Transaction overview
The transaction is a true-sale securitisation of lease receivables originated by Alba Leasing S.p.A. (Alba) and mainly granted to Italian SMEs, as well as corporate borrowers and individual entrepreneurs.
The leases – currently EUR 436.2m (EUR 950.7m as of closing) – are used to finance the acquisition of transportation assets (16%), equipment (51%), real estate (31.1%) as well as air, naval and rail assets (0.9%). The assets’ residual value was not securitized.
The transaction closed in November 2018 and its final legal maturity is October 2038. The current monitoring used available deal reporting through the 31 December 2021 quarterly servicer report date.
Rating rationale
The rating actions are supported by increased credit enhancement which has mainly been driven by transaction deleveraging. The performance of the transaction is better than Scope’s projections as of closing, however, to a large extent driven by lessees benefitting from the moratorium according to the Law Decree "Cura Italia" under which lessees are not accounted as non-payers as they benefit from a moratorium. Although the moratorium ended in December 2021 the share of lessees still benefiting from the moratorium end of September 2021 was still 24.5% of the then outstanding portfolio. Delinquencies more than 90 days past due represent 0.04% of the outstanding non-defaulted assets, well below the peak of 1.3% reported in the September 2020 servicer report and in line compared to the reported 0.05% two years ago. The decrease from 2020’s peak in delinquencies is explained by the large portion of the pool that benefitted from the moratorium before exiting the same December 2021 end. Cumulative observed defaults are 2.8% of the asset balance at closing.

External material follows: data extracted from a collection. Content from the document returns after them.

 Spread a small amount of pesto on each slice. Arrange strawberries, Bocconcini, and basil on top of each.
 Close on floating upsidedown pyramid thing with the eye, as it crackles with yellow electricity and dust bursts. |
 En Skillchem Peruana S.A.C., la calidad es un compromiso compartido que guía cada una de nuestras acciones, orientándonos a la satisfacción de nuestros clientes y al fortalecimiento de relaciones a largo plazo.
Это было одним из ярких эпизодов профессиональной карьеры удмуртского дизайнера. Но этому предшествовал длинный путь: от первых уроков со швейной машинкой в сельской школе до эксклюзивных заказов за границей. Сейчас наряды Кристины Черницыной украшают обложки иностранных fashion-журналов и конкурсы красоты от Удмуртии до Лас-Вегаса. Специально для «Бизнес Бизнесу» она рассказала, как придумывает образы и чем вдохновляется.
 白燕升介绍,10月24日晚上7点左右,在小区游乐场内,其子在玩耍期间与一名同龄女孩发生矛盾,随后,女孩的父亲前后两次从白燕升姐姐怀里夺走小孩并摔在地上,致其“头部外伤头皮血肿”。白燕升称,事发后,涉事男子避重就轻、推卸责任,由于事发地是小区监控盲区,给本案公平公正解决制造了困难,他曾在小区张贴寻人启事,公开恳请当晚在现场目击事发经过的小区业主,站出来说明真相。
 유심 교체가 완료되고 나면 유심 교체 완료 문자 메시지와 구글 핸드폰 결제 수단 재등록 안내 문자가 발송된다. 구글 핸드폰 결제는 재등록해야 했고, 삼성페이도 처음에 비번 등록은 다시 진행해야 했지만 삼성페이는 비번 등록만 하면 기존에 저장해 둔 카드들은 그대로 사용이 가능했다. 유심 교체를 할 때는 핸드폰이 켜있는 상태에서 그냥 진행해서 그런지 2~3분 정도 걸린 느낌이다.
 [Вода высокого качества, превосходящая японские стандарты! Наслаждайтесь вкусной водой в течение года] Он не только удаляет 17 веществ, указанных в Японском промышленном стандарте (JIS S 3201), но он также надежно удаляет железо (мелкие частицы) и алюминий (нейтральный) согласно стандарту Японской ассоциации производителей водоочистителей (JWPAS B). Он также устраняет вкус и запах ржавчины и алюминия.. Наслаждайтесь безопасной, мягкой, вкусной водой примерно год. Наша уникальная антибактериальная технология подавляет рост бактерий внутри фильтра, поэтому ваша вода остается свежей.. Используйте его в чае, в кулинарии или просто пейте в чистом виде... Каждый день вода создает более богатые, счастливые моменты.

The rated notes benefit from a liquidity reserve that has amortised to its floor of 0.5% of the rated notes at closing – down from 1.0%. An excess spread trapping mechanism, based on cumulative defaults, is in place to ensure sufficient collateralisation of the rated notes.

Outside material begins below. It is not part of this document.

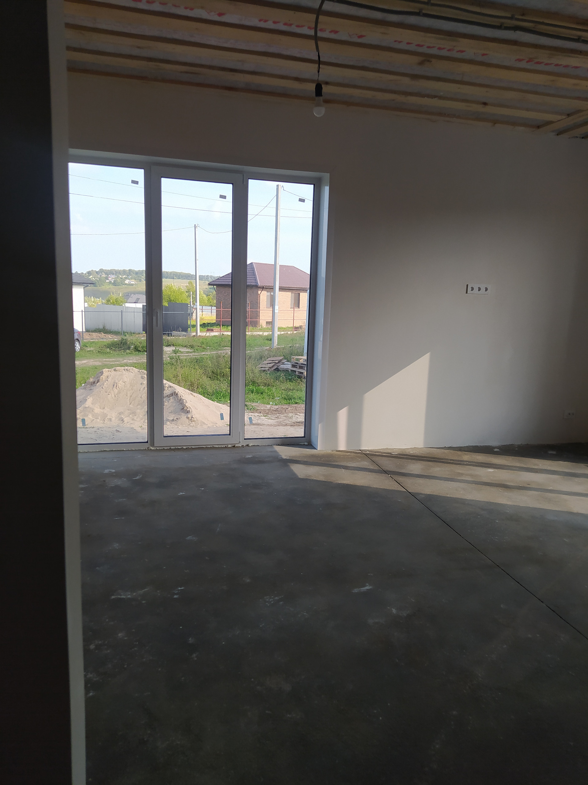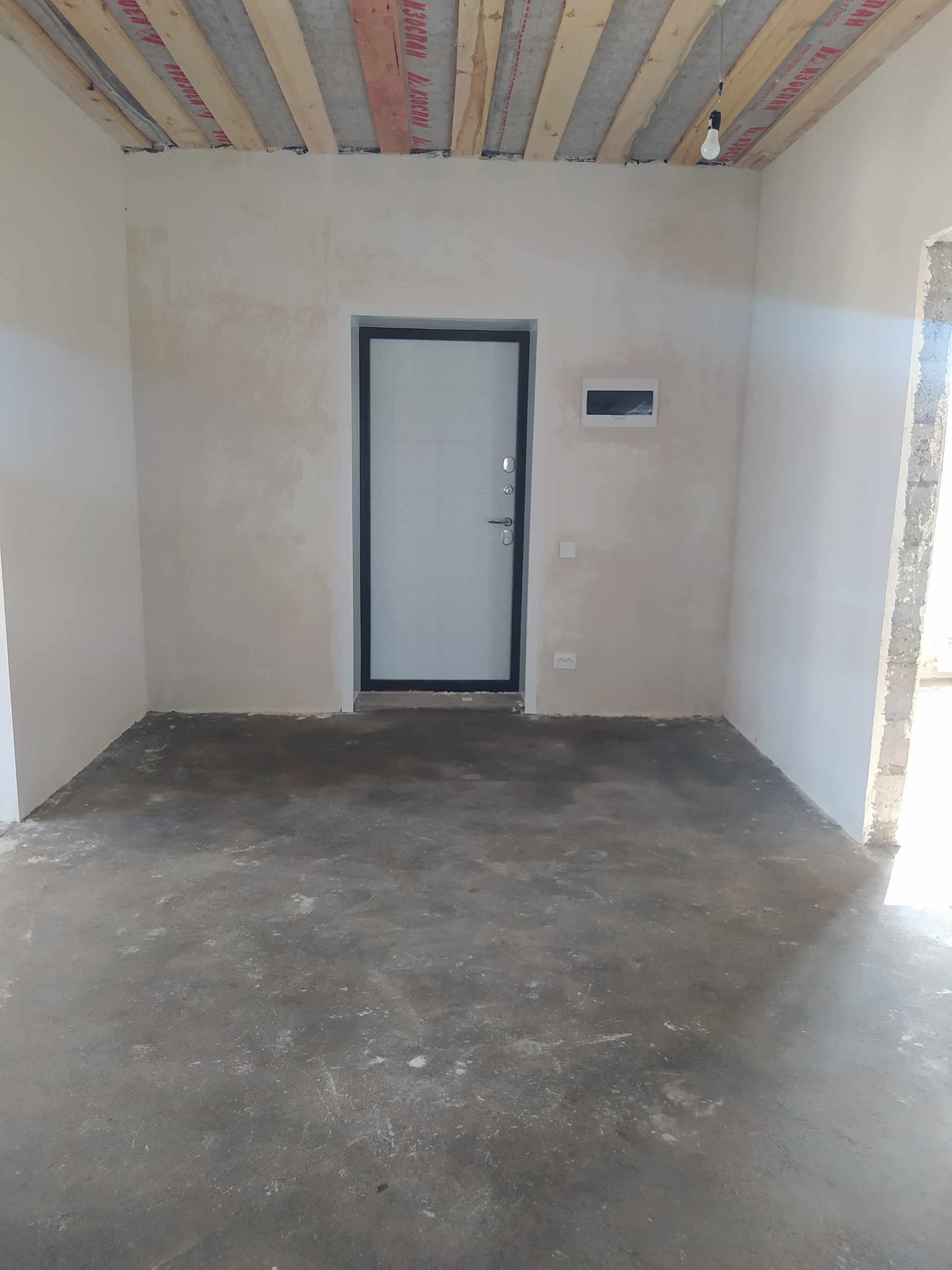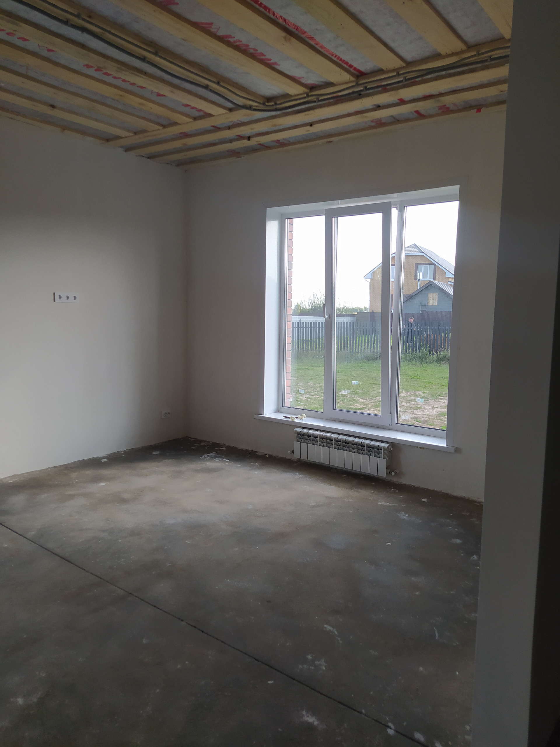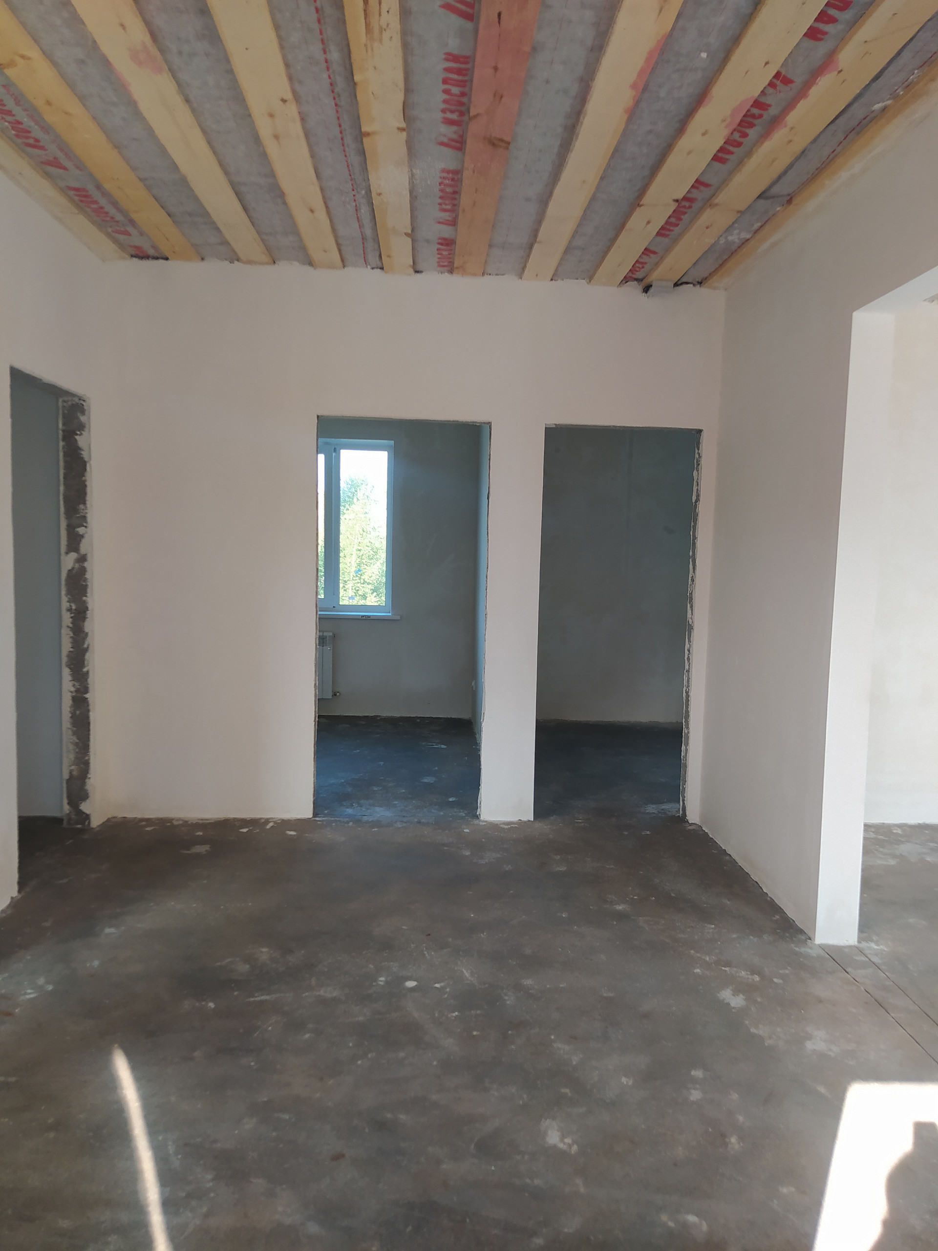 В доме предчистовая отделка, стены в е выровнены, оштукатурены и ошпаклеваны, можно клеить обои.

The originator/seller and servicer, Alba; and the account bank and paying agent, Citibank N.A., continue to support the ratings. We assessed the bank’s credit quality using public information.
Key rating drivers
Increased credit enhancement (positive). Class A2 credit enhancement has increased to 80.3% from 36.9% at closing, while Class B and class C credit enhancement has increased to 50.5% and 33.3% from 23.2% and 15.3% at closing, respectively.1
Back-up servicer (positive). The transaction benefits from back-up servicer Securitisation Services S.p.A., which can take over within 30 business days if needed. Securitisation Services S.p.A. cooperates with two other back-up servicers, Agenzia Italia S.p.A. and Trebi Generalconsult S.r.l.3
No residual value risk (positive). Investors are not exposed to the risk that obligors do not exercise the residual option, nor to the possible loss of residual value upon the originator’s liquidation. The issuer benefits from interest paid on the residual value during the life of each lease contract, which gradually increases the excess spread available to cover defaults and losses.3,4
No set-off risk (positive). No borrowers have deposits or derivative contracts with Alba, the originator and seller.3,4
Macroeconomic uncertainties (negative). The transaction is exposed to macroeconomic uncertainties in Italy, especially when considering new variants of Covid-19, elevated inflation and withdrawal of fiscal and monetary support which present risks for robustness of the recovery.5
Interest subordination (negative). Class C interest will be subordinated to class B principal if cumulative portfolio defaults reach 10.0% of the portfolio balance at closing. High default scenarios may magnify expected losses and missed coupons to class C noteholders given this feature.3
Unsecured recoveries (negative). Scope relies on unsecured recoveries from obligors and guarantors because there is no guarantee that Alba’s bankruptcy estate will include asset sale proceeds from defaulted lessees.6
Rating-change drivers
Faster than expected portfolio amortisation (positive): This may benefit the rating if credit enhancement builds up before credit losses crystallise.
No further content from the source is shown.